UC Health alerting patients about leaked medical records

The Cincinnati-area hospital network UC Health is alerting just over 1,000 patients that their medical records were part of a data security lapse and to monitor their credit accounts.

Emails containing patient names, birth dates, medical record numbers and other personal information were inadvertently sent to the wrong email address in nine separate incidents dating back to Aug. 2014, UC Health announced Saturday.

The UC Health group includes University of Cincinnati Medical Center, West Chester Hospital, and UC Physicians, a group of nearly 800 doctors, as well as other sites.

The university-affiliated health system learned in September this year the emails intended to be sent internally within the organization were mistakenly sent to an incorrect email address at a similar domain, according to UC.

In another example so far this year, Community Mercy Health Partners, which is a division of Cincinnati-based system Mercy Health that operates hospitals in Springfield and Urbana, mistakenly sent invoices containing private health information to the wrong recipients, affecting about 2,000 patients.

“In general that’s kind of the issue facing health care right now is less mature defenses and higher value information,” said John DiMaggio, chief executive officer for BlueOrange Consulting, a Columbus-area firm providing services for medical data security.

Unlike a credit card that can be turned off when suspicious purchases are charged to an account, a compromise of medical information containing important Social Security and other numbers might be used to make fraudulent insurance claims or to apply for loans. To catch the latter, a person would want to monitor their credit reports as well as financial statements and the bad activity might not be caught as quickly, DiMaggio said.
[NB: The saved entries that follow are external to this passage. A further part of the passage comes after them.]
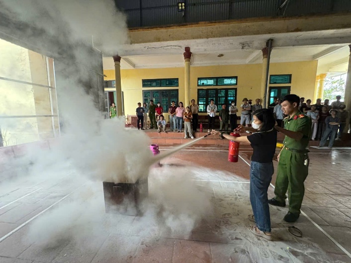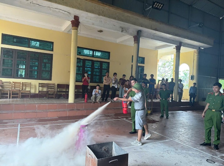 Ngoài phần lý thuyết, người dân còn được trực tiếp tham gia buổi diễn tập chữa cháy và cứu nạn giả định tại trụ sở UBND xã, tạo điều kiện nâng cao kỹ năng xử lý tình huống khi có sự cố xảy ra trong thực tế.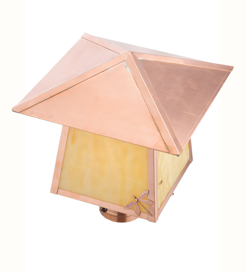 A solitary Dragonfly accents the edge of this handsome American Craftsman post mount lantern.The handsome fixtures finished in Natural Copper and designed with stunning Beige art glass panels.Ideal for illuminating landscapes, patios, porches, parking lots, street paths, and for a broad range of outdoor applications.Meyda's Stillwater Dragonfly is handcrafted in the USA by highly skilled Meyda artisans.UL Listed for wet locations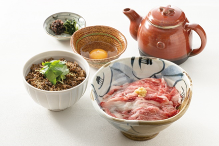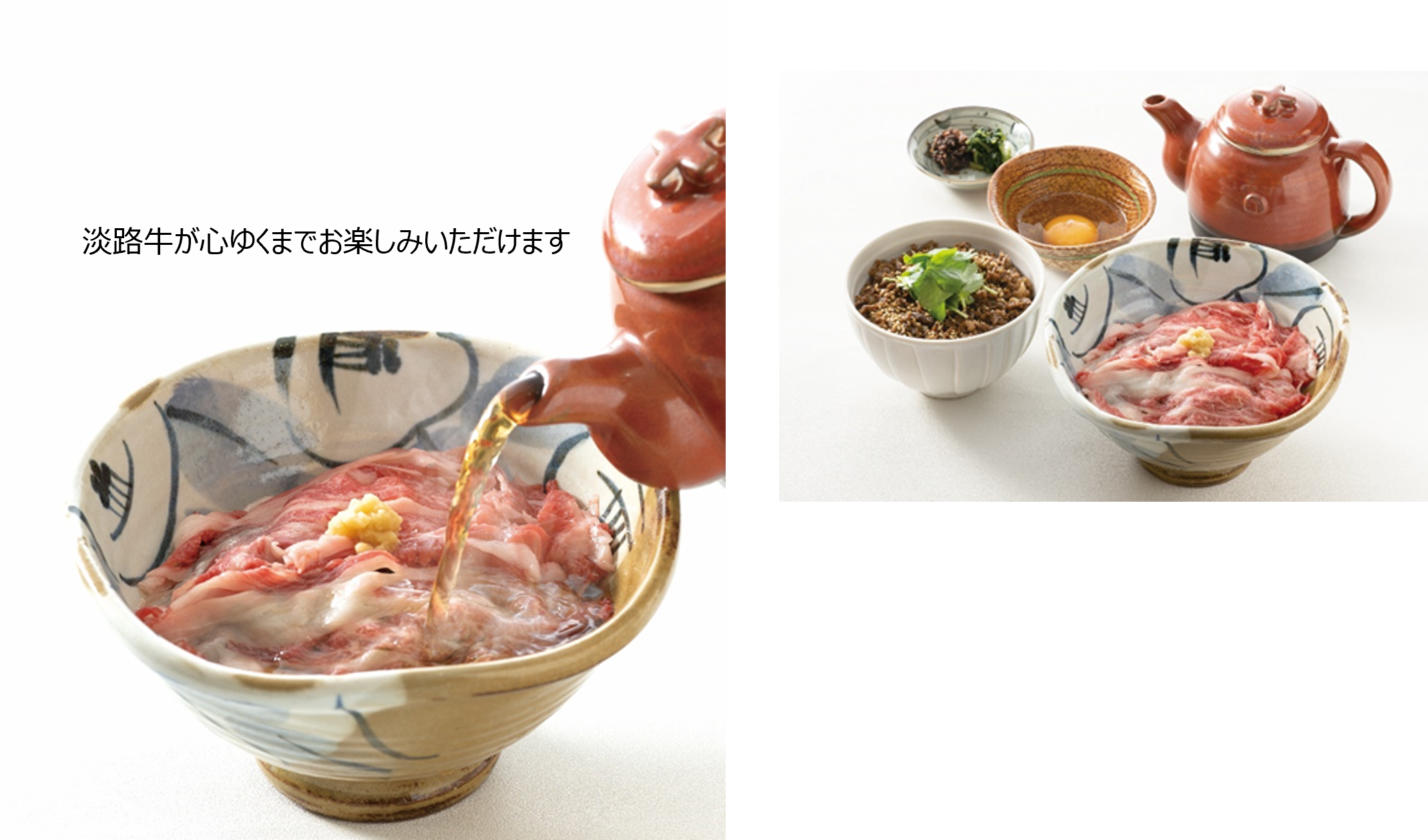 同じく溶き卵をかけて、ご賞味いただく淡路牛の時雨丼がセットの、この時期おすすめの贅沢メニューです。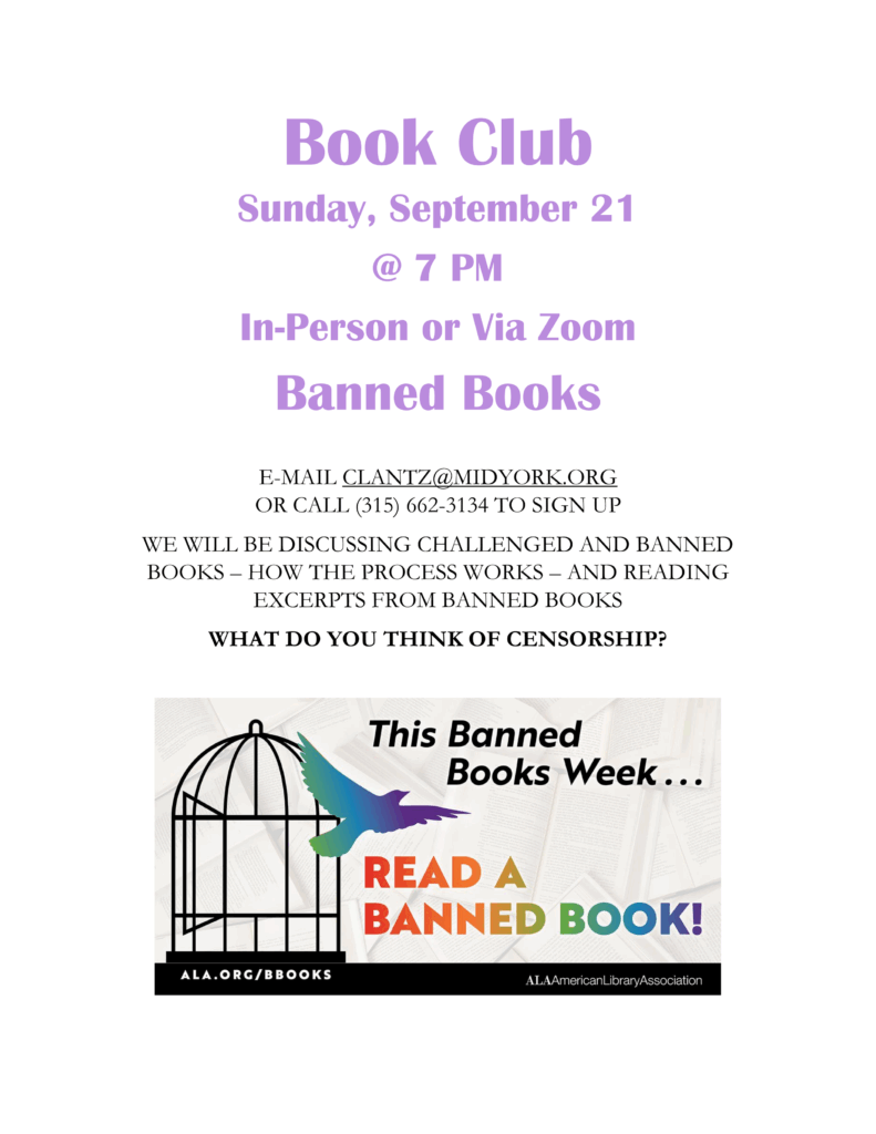 We will be discussing challenged and banned books–how the process works–and reading excerpts from banned books. What do you think of censorship?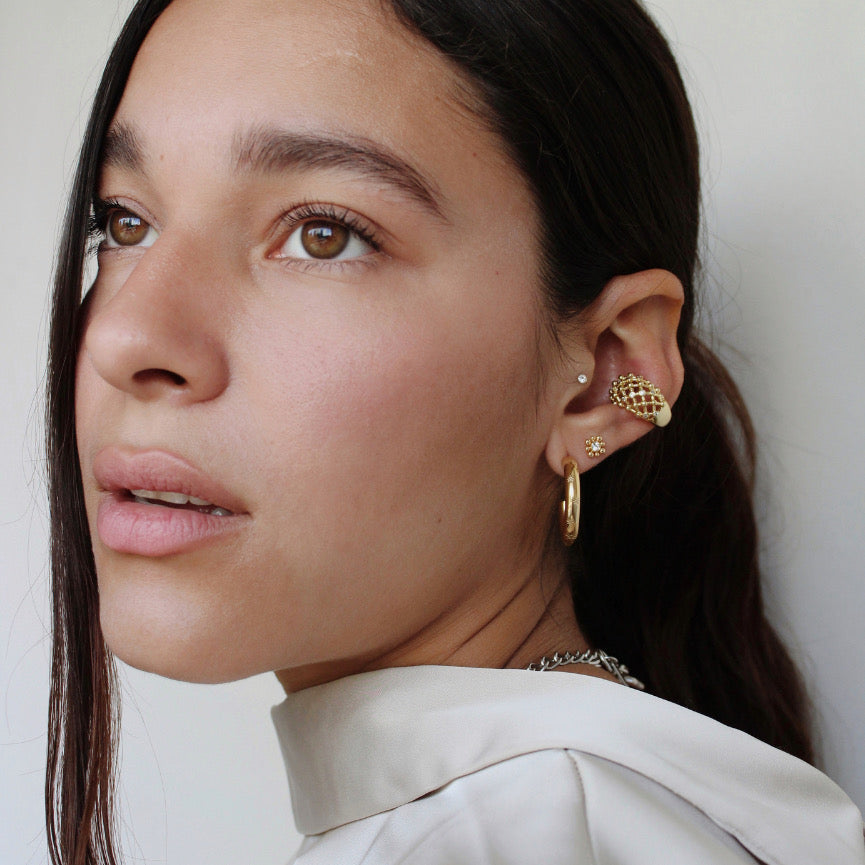 Este diseño no es la típica flor, es una mezcla que hace hace la ilusión de parecer un a flor pero es mucho más que eso, uno de nuestros favoritos sin duda!! Complementará tus aretitos de una manera increíble!!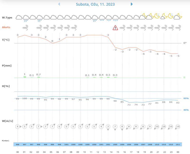 Utorak. Umjereno do pretežno oblačno vrijeme. U večernjim satima kiša u većem dijelu naše zemlje. Vjetar prije podne slab, a poslije podne umjeren do pojačan s jakim udarima, južni i jugozapadni. Jutarnja temperatura zraka od 5 do 11, dnevna od 12 do 18, a u sjevernim područjima Bosne do 22°C.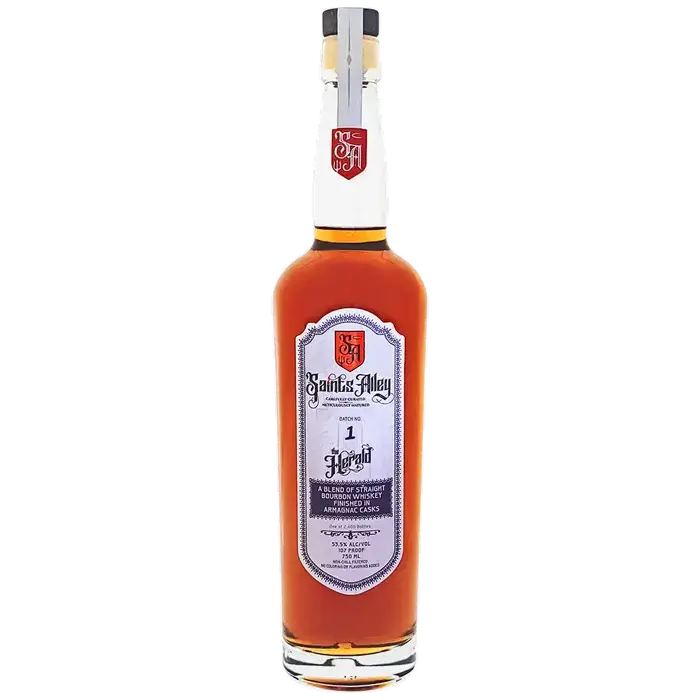 Meet Saints Alley The Herald, a standout whiskey created through a unique collaboration between Ironroot Republic and The Liquorhound. This bottle brings together two distinct bourbons: a spicy high-rye kind and Ironroot's signature heirloom corn spirit. The real magic happens with a finishing period in French Armagnac casks, which infuses the whiskey with deep stone fruit, rich mahogany, and a touch of elegance. Expect a creamy feel on the palate, with notes hinting at things like citrus peel, sweet dates, warm vanilla, and gentle spice, all balanced by that French oak influence. Bottled at 100 proof without chill filtration or added color, it's a complex, limited release that offers a fascinating blend of bourbon character and Armagnac depth.

Letters have been sent to involved UC Health patients. The network is not aware of any attempt to misuse the information, but UC Health officials are advising those whose information is at risk to monitor their statements.

Also, a special call center has been set up to assist notified patients. For more information, contact 1-855-907-3146 from 8 a.m. to 8 p.m. Mondays through Fridays.

UC Health did not respond to requests for comment by deadline Monday about the incident.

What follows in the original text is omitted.